Melancholy is an oil-on-canvas painting executed during 1840–41 by the Italian artist Francesco Hayez, now in the pinacoteca di Brera in Milan.

The artist describes the work in his Memorie:

Melancholy is shown as a medieval young woman taken by a feeling of love, standing in an abandoned pose, who despite her passion for the flowers collected in a vase holds one in her hand, perhaps remembering the person she cares for, keeping her head somewhat bowed the better to nurture the thought which dominates her, not caring for anything around her, and her clothes falling from one shoulder, leaving part of her breast visible.
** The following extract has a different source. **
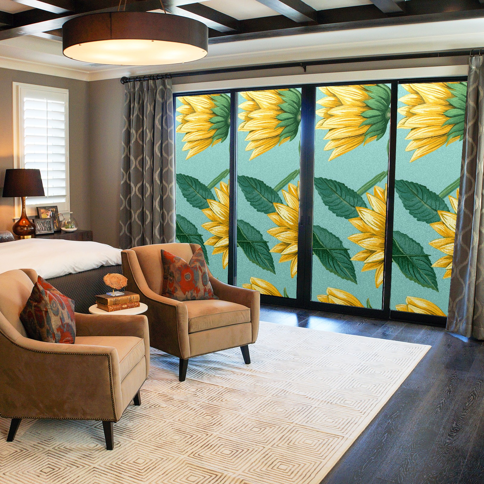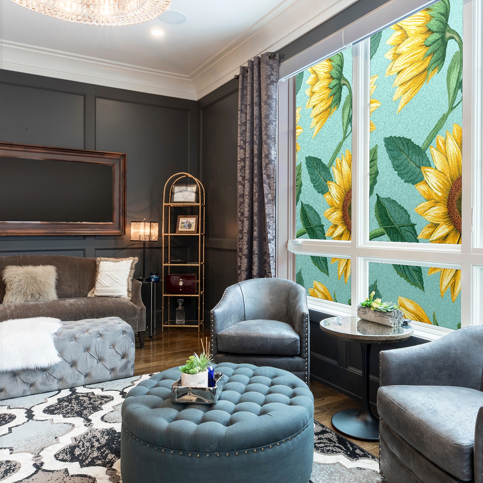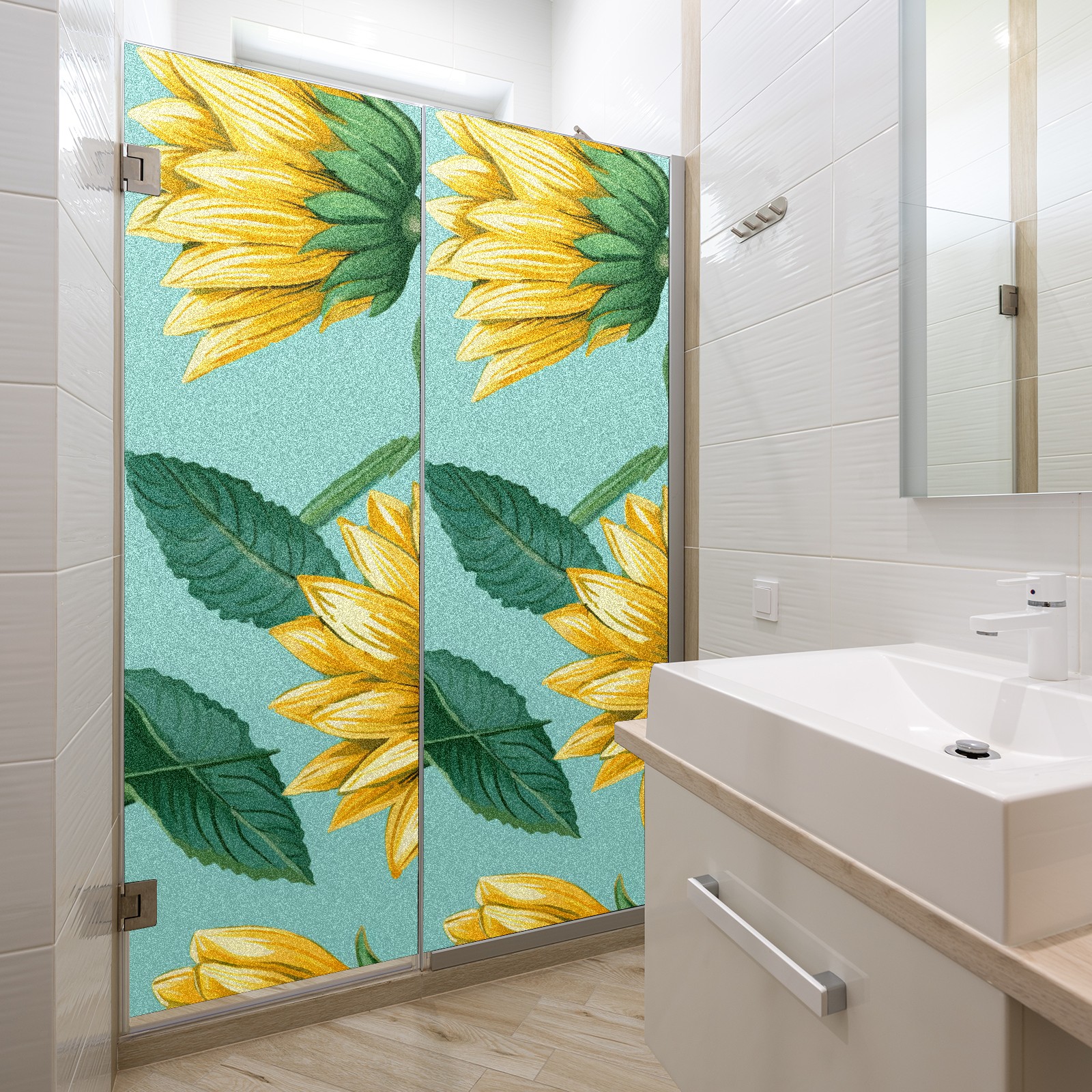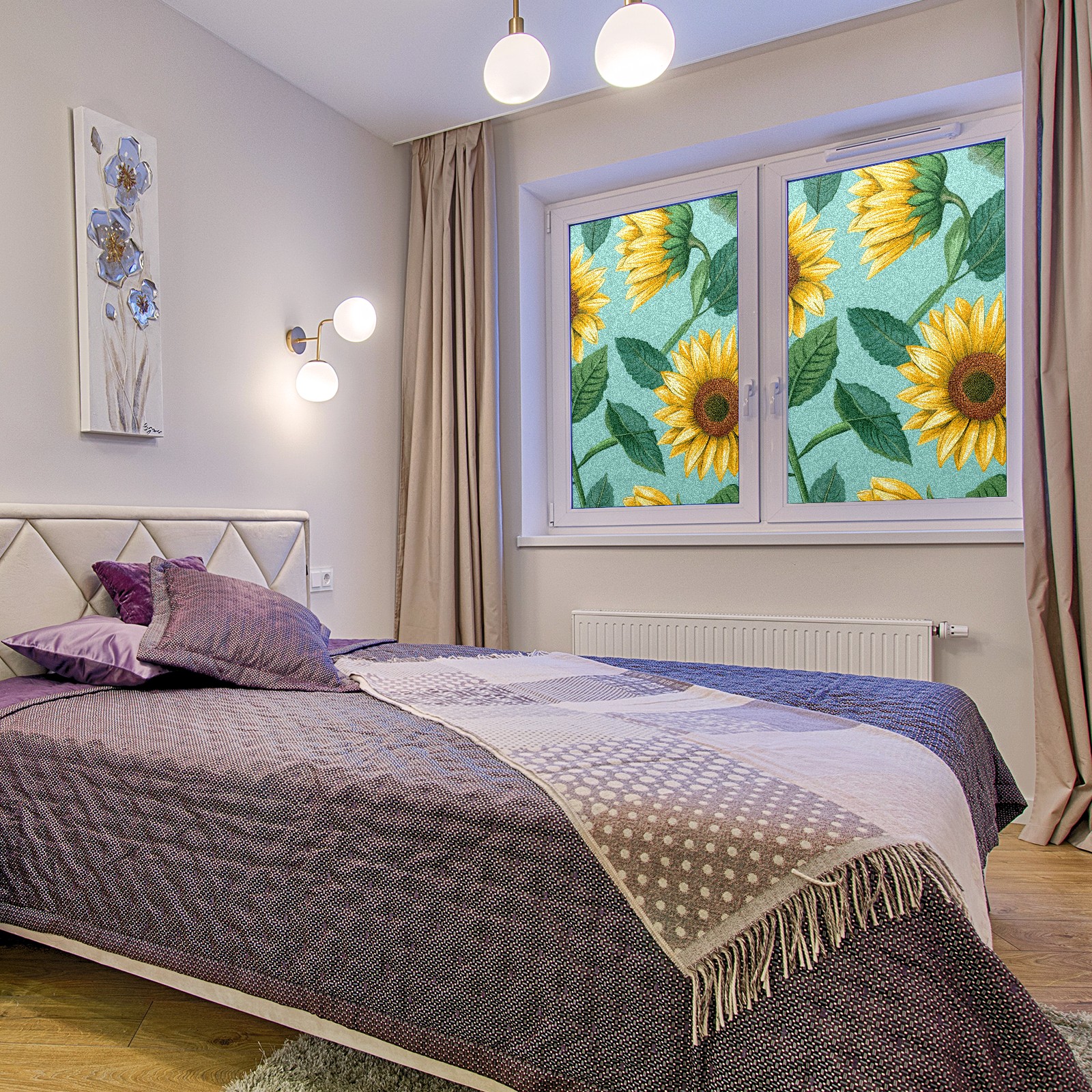 Static Cling Decorative Window Film Frosted Privacy Film Window Clings for Glass Windows No Glue Window Sticker for Bathroom Bedroom Office Daisy

The dress is in light blue satin which I thought best-suited to the subject, also because it contrasts with the live colours of the various flowers, which I painted from life with conscientious attention

The work was a popular success, leading Hayez to paint a second version, completed in 1842 and entitled Pensiero malinconico (Melancholy Thoughts). Hayez wrote in his Memorie that it had "many variations, changing the figure's character and adding flowers", reflecting the few but substantial differences from the previous work – the clothes are differently arranged, leaving the breasts more exposed and enhancing the poignant sense of abandonment, whilst the hands hang down rather than being intertwined and the face is more emotionally charged. The artist's treatment of flowers continued in his 1881 Vase of Flowers at the Window of a Harem.